Both the analytical path and MC path produce a SimulationResult.

season¶

Tournament season year.

Type:: int

advancement_probs¶

Per-team advancement probabilities, shape (n_teams, n_rounds).

Type:: numpy.ndarray[tuple[Any, …], numpy.dtype[numpy.float64]]

expected_points¶

Mapping of scoring_rule_name → per-team EP, each shape (n_teams,).

Type:: dict[str, numpy.ndarray[tuple[Any, …], numpy.dtype[numpy.float64]]]

method¶

"analytical" or "monte_carlo".

Type:: str

n_simulations¶

None for analytical; N for MC.

Type:: int | None

confidence_intervals¶

Optional mapping of rule_name → (lower, upper) arrays.

Type:: dict[str, tuple[numpy.ndarray[tuple[Any, …], numpy.dtype[numpy.float64]], numpy.ndarray[tuple[Any, …], numpy.dtype[numpy.float64]]]] | None

score_distribution¶

Optional mapping of rule_name → per-sim scores array, shape (n_simulations,).

Type:: dict[str, numpy.ndarray[tuple[Any, …], numpy.dtype[numpy.float64]]] | None

bracket_distributions¶

Optional mapping of rule_name → BracketDistribution (MC only; None for analytical). Note: distributions are computed from the chalk-bracket score (how many pre-game favorites won). For pool scoring analysis (“how would my chosen bracket score across all simulations?”), use sim_winners with score_bracket_against_sims().

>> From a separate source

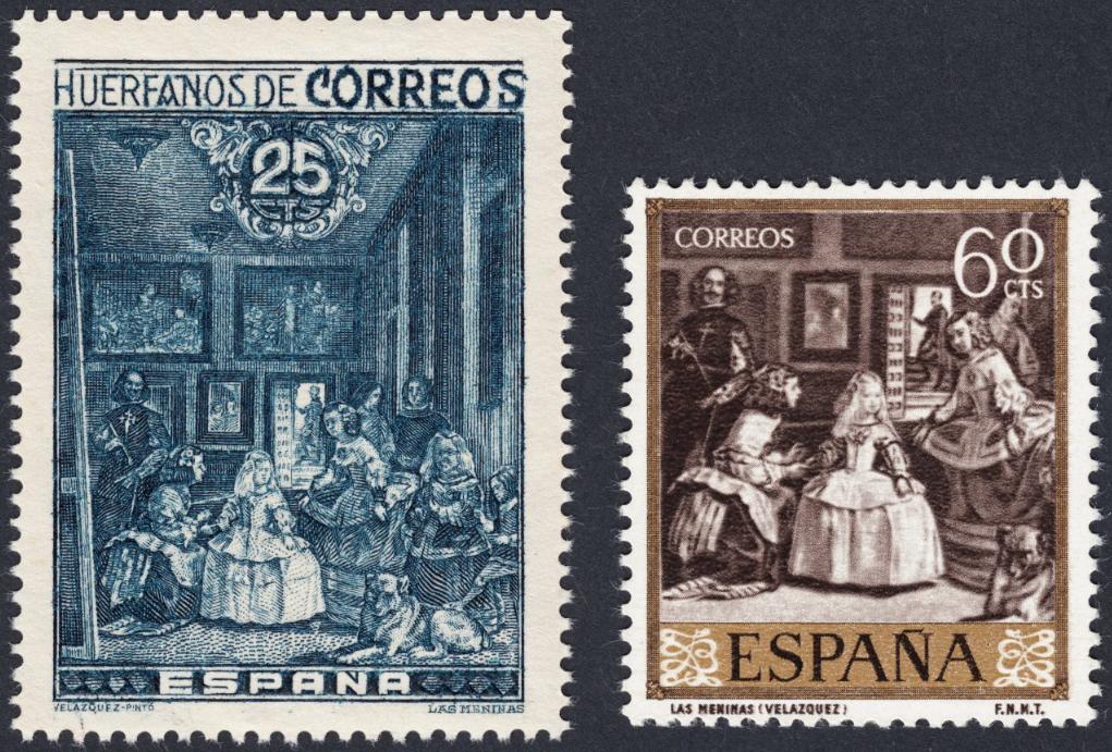 Debajo de estas líneas hay imágenes que enseguida hasta la intuición más perezosa habrá relacionado de inmediato con las palabras titulares de este texto. En efecto, si acercamos la palabra "recreación" al sello calcográfico de Las Meninas, habremos vislumbrado sin apenas esfuerzo no ya en la lejanía del horizonte, sino bien cerca, el puerto en el que queremos fondear. El grabador de este sello "recrea" la obra de Velázquez, no copia ni reproduce. Y no la crea cabalmente porque no supera el punto desde donde parte, la referencia, en este caso una gran cima casi imposible de rebasar. El sello de la derecha, sin embargo, no es una recreación, es decir, no tiene el mérito modesto y admirable de ser un ensayo creador: es sólo una reproducción, una copia de esa referencia. Ni qué decir tiene que en el plano sobre el que ahora mismo deslizamos y confrontamos estas deducciones, ninguna importancia tiene el por lo demás indiscutible valor postal y filatélico de ambas piezas.

Type:: dict[str, ncaa_eval.evaluation.simulation.BracketDistribution] | None

sim_winners¶

Optional array of per-simulation game winners, shape (n_simulations, n_games) (MC only; None for analytical).

Type:: numpy.ndarray[tuple[Any, …], numpy.dtype[numpy.int32]] | None

advancement_probs: ndarray[tuple[Any, ...], dtype[float64]]¶

bracket_distributions: dict[str, BracketDistribution] | None = None¶

confidence_intervals: dict[str, tuple[ndarray[tuple[Any, ...], dtype[float64]], ndarray[tuple[Any, ...], dtype[float64]]]] | None¶

expected_points: dict[str, ndarray[tuple[Any, ...], dtype[float64]]]¶

method: str¶

n_simulations: int | None¶

score_distribution: dict[str, ndarray[tuple[Any, ...], dtype[float64]]] | None¶

season: int¶

sim_winners: ndarray[tuple[Any, ...], dtype[int32]] | None = None¶

class ncaa_eval.evaluation.StandardScoring[source]¶

Bases: object

ESPN-style scoring: 1-2-4-8-16-32 (192 total for perfect bracket).

property name: str¶: Return 'standard'.

points_per_round(round_idx: int) → float[source]¶: Return standard scoring points for round_idx.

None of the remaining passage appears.